Lucy’s spoon hit her bowl with a plop. “How’s that possible?”
“Someone else is involved. What’s the expression? Playing both sides for the middle? I think that’s what is going on here.”
“Which makes me a dopey dame who got suckered and didn’t see it coming,” she said, standing and throwing her napkin into her bowl. “Thanks a lot, Tony.”
Embarrassed, he stood up. Only his pants didn’t come with him. He grabbed them by the waist and tugged. She smirked inconsiderately.
“Airline lost my luggage,” he said stupidly.
“So buy yourself another pair. It’s called shopping. Ask your wife.”
His mouth went dry. “Who told you I was married?”
“Your Web site has your name, and your son’s.”
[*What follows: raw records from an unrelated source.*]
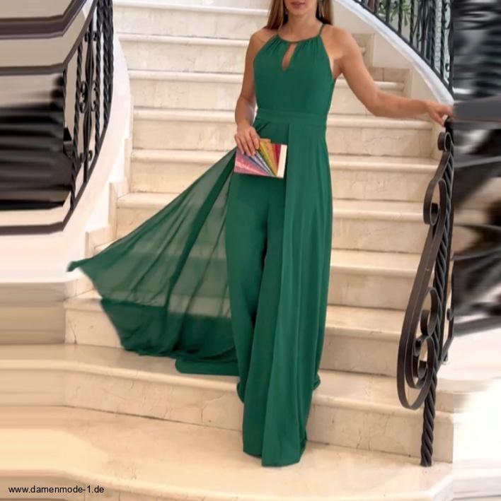 Damen Chiffon Einteiler Jumpsuit Ärmellos Elegant in Grün
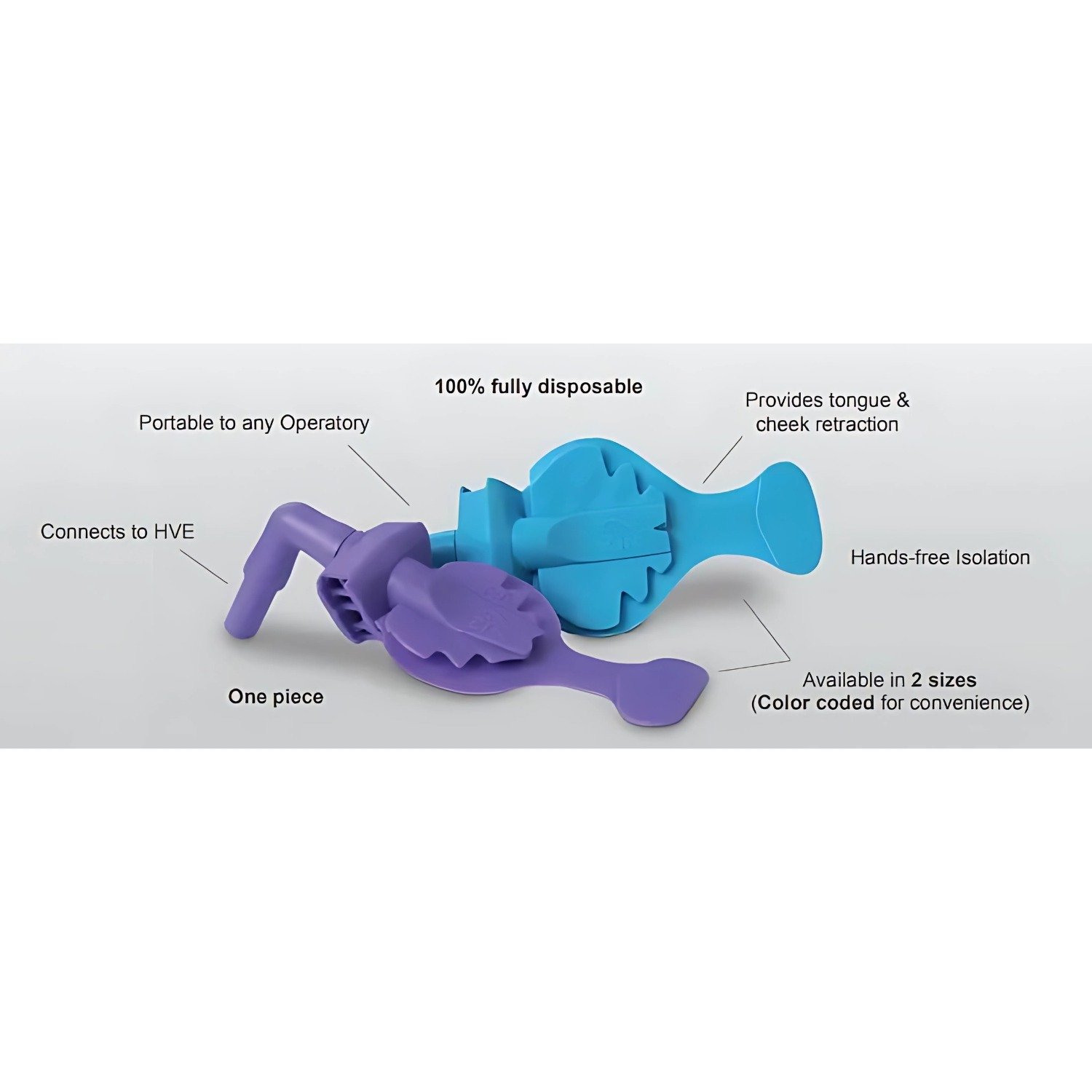 Zirc Mr. Thirsty One Step is a hands-free isolation device that evacuates and retracts the tongue/cheek giving the practitioner an unobstructed view of the quadrant.
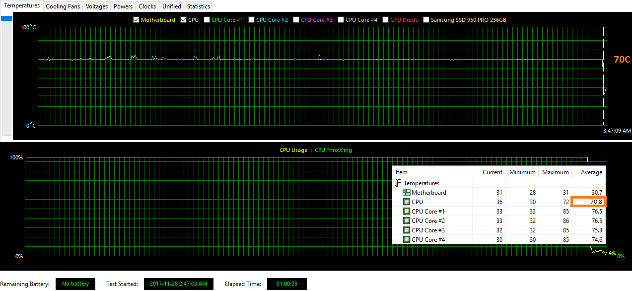 These results once again are quite impressive considering we are talking about an air cooler with nothing but a 120mm fan on it. With an average of 70.8C it is pretty warm but very stable as you can see. This goes a long way into showing the quality of product we are dealing with here.
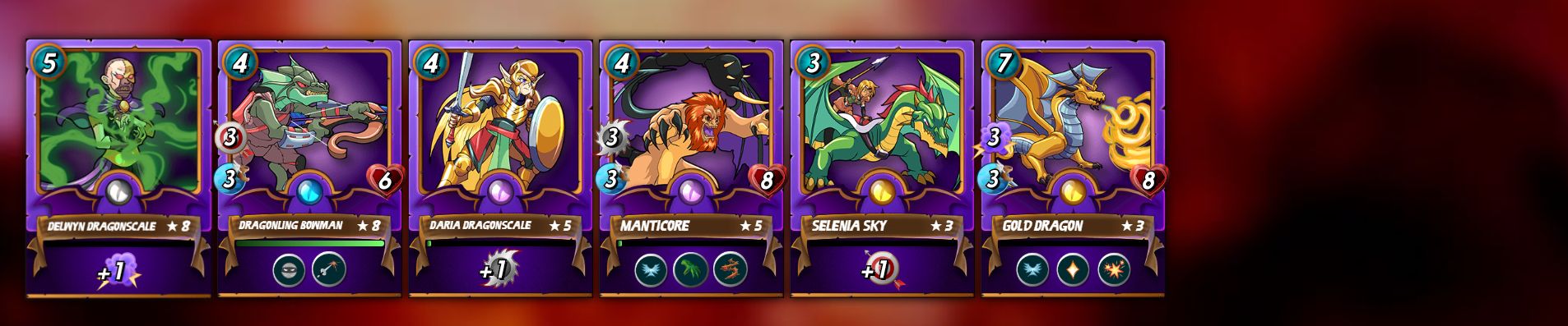 All of the five basic rare summoners are on level 6 and the legendary Dragon summoner Selenia Sky on level 3. This allows for maxed out common cards on level 8, rare cards on level 6, epic cards on level 5 and legendary cards on level 3. You can get very far with such a deck and safe yourself the really expensive final 1-2 levels of each card.
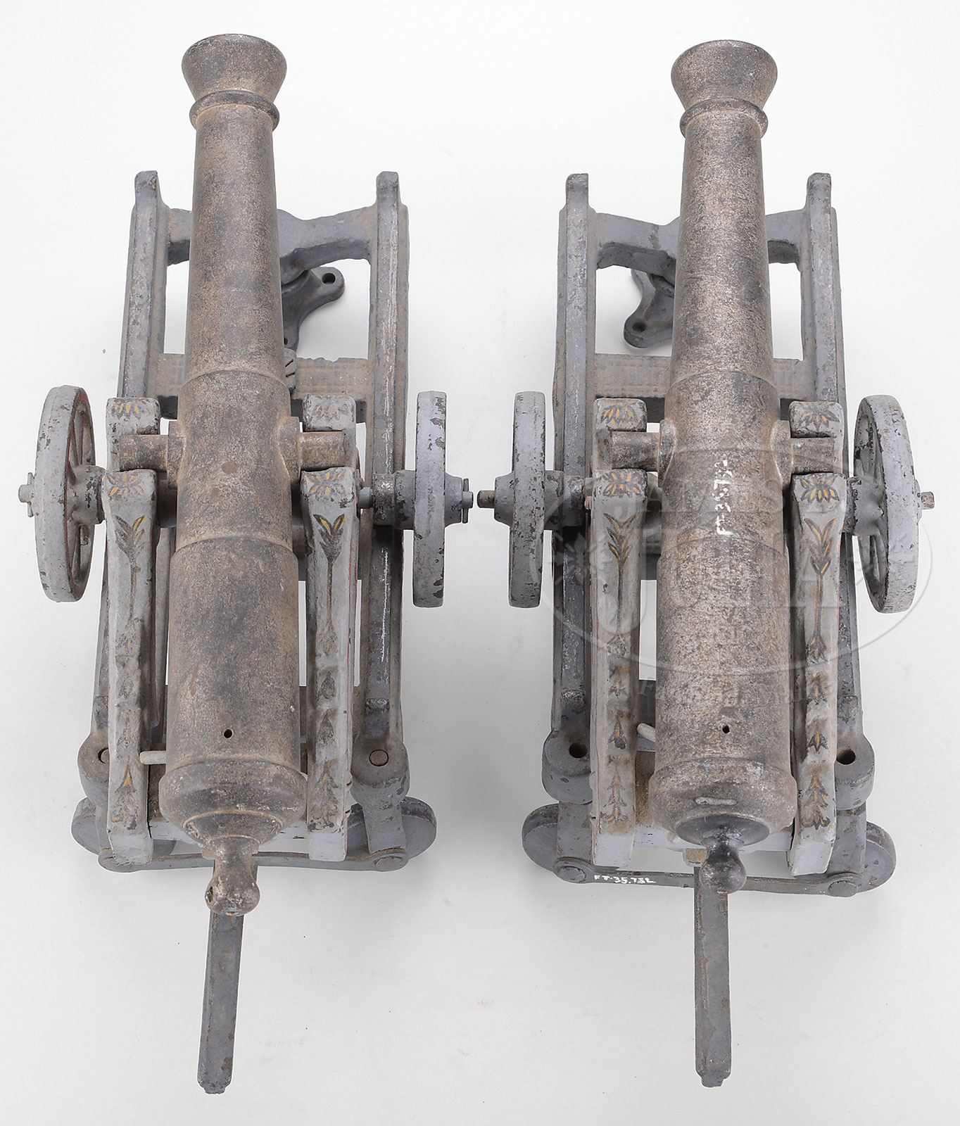 PAIR OF LATE 19th CENTURY CAST IRON TOY SEACOAST GUNS ON CARRIAGES.This well-made pair of cannon appear functional with clear vents & bores on cast iron wheeled mounts that slide on 2-wheel carriages with platform front mount. Extended models are 19″ overall x 6″ w, bbls are 12″ overall from cascabel to muzzle. There are no discernible markings other than painted decorations. Construction is totally metal with the exception of some wooden reinforcements on carriage supports. Carriage & sled design are similar to drawings and photographs of seacoast cannon in fortifications, circa 1850-1870. PROVENANCE: Springfield Arsenal, LLC Artillery Collection. CONDITION: Sound & solid, very good overall, iron bbls originally hard metal plated retaining maybe 20% with the balance being iron patina. Cast iron or pot metal carriages are sound, solid & complete, with grey paint and other painted highlights as can be seen in photographs. One gun has shorter cascabel than the other, otherwise a matching pair. 4-54125 (2,000-3,000) – Lot 2118

“My wife died of a heart attack two years ago.” He saw something in her face change. A chink in the armor. He said, “She used to buy my clothes, pick out the colors. I don’t think I own anything that she didn’t buy me.”
“Except those pants,” Lucy said. “You an odd size?” He nodded and she said, “So was my ex. Look, Tony, I don’t know where this conversation is headed, but all I really care about is getting my twenty-five thousand dollars back. If you can’t help me, then shove off.”
Her voice had turned harsh. This was Lucy the gambler, and he didn’t like it.
“That’s pretty inconsiderate,” he said.